[Brief]
Every line below between the one holding "Coral color Knit" and the one holding "O motorista, de", inclusive, should be copied exactly, and no other line.

[Records shown]
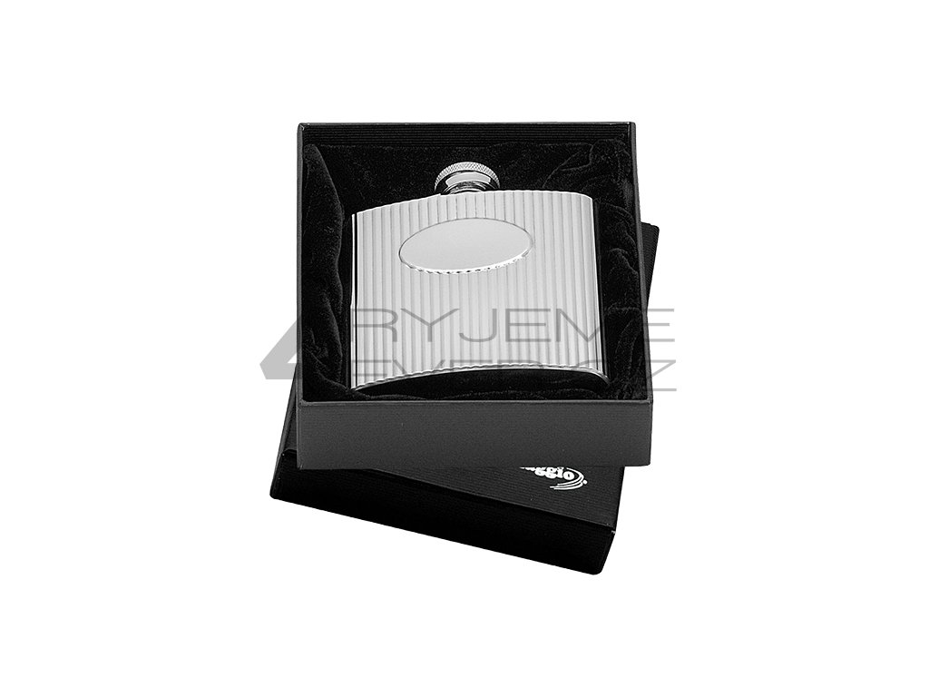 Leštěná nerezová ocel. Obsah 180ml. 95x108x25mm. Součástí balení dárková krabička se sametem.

...

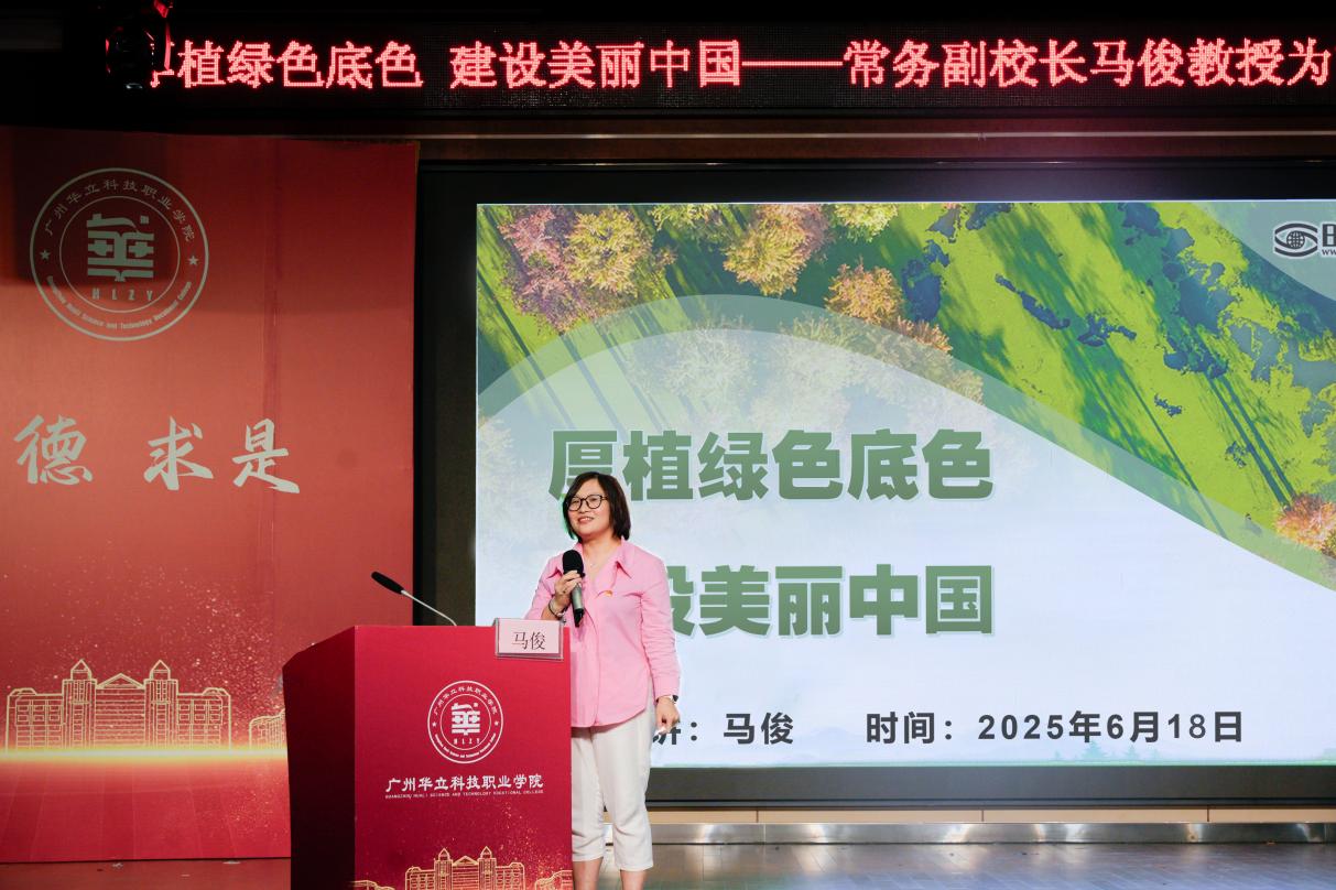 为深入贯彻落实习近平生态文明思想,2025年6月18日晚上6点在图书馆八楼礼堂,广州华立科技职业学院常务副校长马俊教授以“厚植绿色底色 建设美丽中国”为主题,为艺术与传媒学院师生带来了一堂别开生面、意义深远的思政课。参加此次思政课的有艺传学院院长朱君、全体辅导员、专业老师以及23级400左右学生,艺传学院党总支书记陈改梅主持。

* * *

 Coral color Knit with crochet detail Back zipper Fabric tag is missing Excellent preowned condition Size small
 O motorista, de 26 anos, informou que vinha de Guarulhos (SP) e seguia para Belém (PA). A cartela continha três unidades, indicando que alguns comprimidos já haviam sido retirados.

[Response]
 Coral color Knit with crochet detail Back zipper Fabric tag is missing Excellent preowned condition Size small
 O motorista, de 26 anos, informou que vinha de Guarulhos (SP) e seguia para Belém (PA). A cartela continha três unidades, indicando que alguns comprimidos já haviam sido retirados.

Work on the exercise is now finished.